Всплеснет руками красноносая Марфуша, золотые серьги дрыгнут – хлопнувши себя руками по бокам, помчится вниз – да не забыли ль на извозчике чего, да как Андрюшенька-то вырос, да сейчас сварю, да сжарю, подмету…
И скоро вечер, и знакомый самовар клубит в знакомой маленькой столовой, зеленеет лампа у Маркуши в кабинете, бледно-зеленоватое и золотистое мерцание Москвы вечерней в окнах его мирной комнатки. О, как мне не любить тех легких, светлых лет!

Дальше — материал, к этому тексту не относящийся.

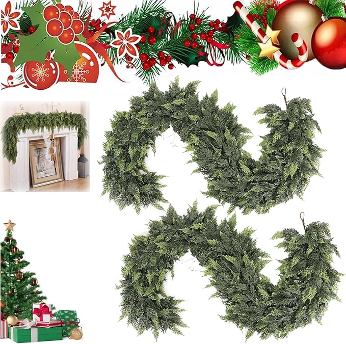 - 【Lush, Thick & Realistic Feel】Crafted with high-quality materials, this cedar pine needles garland offers an ultra-soft, lifelike texture that feels like genuine cedar. The full, dense foliage drapes beautifully, adding a fresh and festive atmosphere to your home, whether displayed on a mantel or hung across walls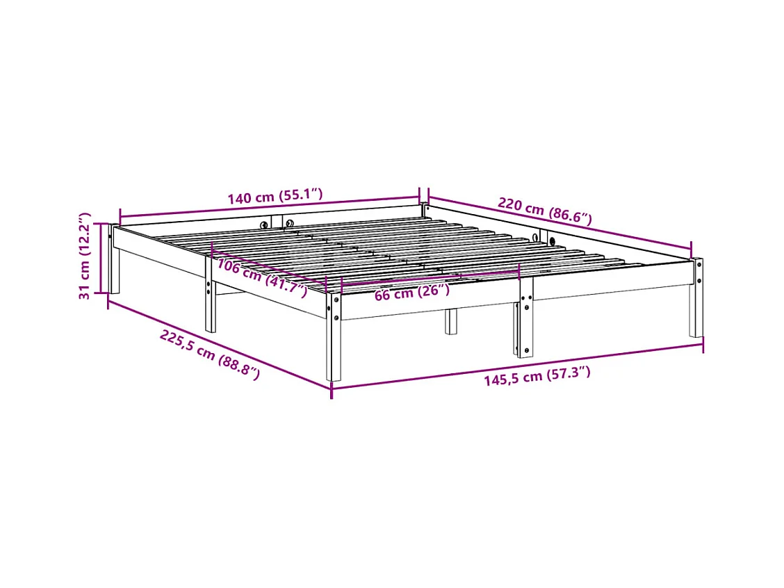 Bedframe extra lang zonder matras massief hout wit 140x220 cm

Иду, молчу и подавляю вздох. Сквозь слезы, может быть, и улыбнусь.
И я пою, как раньше, и хожу с тем же «Musique»[2], и очень мало уж теперь боюсь Ольгу Андреевну. Да и она со мною по-иному.
– Наталья, ты как будто… ты недурно стала петь.
Не знаю, то ли я окрепла, голос вырос, но действительно в ту осень мне везло. Я пела как-то у себя на Спиридоновке, на небольшой нашей вечеринке. То, что студенты хлопали, что хвалил Георгий Александрович, – все это ничего. Но почему Нилова на меня кинулась, обняла, и сквозь нечистые зубы гаркнула: «Наташка, ты счастливая родилась!», Костомарова одобрила – солидно и без аффектации? И почему зеленовато-неблагожелательная искра промелькнула в глазах Жени Андреевской?